- [Directions for this task] Restate word for word the lines in the listing below, starting at the line containing "Ansichtskarte Berlin, Hauptstadt" and ending at the line containing "Der Platz in", both included; leave out the rest.

- [Extracted material]
-------
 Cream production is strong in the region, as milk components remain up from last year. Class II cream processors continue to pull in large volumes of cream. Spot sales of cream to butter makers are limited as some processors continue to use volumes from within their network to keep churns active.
-------
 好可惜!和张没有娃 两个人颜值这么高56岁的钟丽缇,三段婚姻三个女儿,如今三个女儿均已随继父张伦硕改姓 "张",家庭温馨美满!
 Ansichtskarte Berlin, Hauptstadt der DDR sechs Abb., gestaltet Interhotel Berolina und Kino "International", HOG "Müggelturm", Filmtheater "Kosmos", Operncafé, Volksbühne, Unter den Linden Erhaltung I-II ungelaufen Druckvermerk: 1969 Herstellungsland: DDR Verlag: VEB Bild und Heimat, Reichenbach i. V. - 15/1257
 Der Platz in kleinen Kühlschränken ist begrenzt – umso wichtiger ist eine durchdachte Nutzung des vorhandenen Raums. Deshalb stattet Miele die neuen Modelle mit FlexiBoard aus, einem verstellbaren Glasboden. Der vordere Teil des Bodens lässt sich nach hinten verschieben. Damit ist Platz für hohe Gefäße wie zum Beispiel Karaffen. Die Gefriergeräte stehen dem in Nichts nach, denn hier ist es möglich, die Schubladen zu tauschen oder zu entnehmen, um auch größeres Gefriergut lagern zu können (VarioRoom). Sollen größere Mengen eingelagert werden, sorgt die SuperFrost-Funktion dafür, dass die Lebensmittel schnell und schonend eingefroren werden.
-------
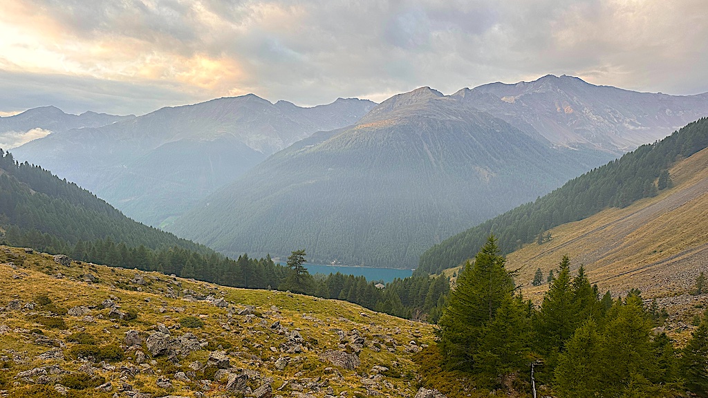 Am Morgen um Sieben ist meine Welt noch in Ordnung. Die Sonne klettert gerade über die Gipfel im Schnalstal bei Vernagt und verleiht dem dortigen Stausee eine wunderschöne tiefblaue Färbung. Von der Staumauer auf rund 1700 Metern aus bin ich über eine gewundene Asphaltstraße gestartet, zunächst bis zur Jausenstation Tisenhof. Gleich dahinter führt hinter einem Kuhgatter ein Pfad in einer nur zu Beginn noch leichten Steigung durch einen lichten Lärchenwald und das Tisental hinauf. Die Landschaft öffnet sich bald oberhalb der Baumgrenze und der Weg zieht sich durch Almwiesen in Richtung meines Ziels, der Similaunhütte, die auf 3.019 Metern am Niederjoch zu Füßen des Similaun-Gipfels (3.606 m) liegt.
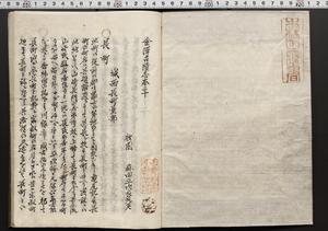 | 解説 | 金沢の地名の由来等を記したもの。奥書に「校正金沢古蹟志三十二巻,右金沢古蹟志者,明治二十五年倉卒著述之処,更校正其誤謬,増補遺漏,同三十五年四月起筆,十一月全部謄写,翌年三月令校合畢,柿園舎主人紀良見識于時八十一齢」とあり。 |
-------
- [Solution to this exercise]
 Ansichtskarte Berlin, Hauptstadt der DDR sechs Abb., gestaltet Interhotel Berolina und Kino "International", HOG "Müggelturm", Filmtheater "Kosmos", Operncafé, Volksbühne, Unter den Linden Erhaltung I-II ungelaufen Druckvermerk: 1969 Herstellungsland: DDR Verlag: VEB Bild und Heimat, Reichenbach i. V. - 15/1257
 Der Platz in kleinen Kühlschränken ist begrenzt – umso wichtiger ist eine durchdachte Nutzung des vorhandenen Raums. Deshalb stattet Miele die neuen Modelle mit FlexiBoard aus, einem verstellbaren Glasboden. Der vordere Teil des Bodens lässt sich nach hinten verschieben. Damit ist Platz für hohe Gefäße wie zum Beispiel Karaffen. Die Gefriergeräte stehen dem in Nichts nach, denn hier ist es möglich, die Schubladen zu tauschen oder zu entnehmen, um auch größeres Gefriergut lagern zu können (VarioRoom). Sollen größere Mengen eingelagert werden, sorgt die SuperFrost-Funktion dafür, dass die Lebensmittel schnell und schonend eingefroren werden.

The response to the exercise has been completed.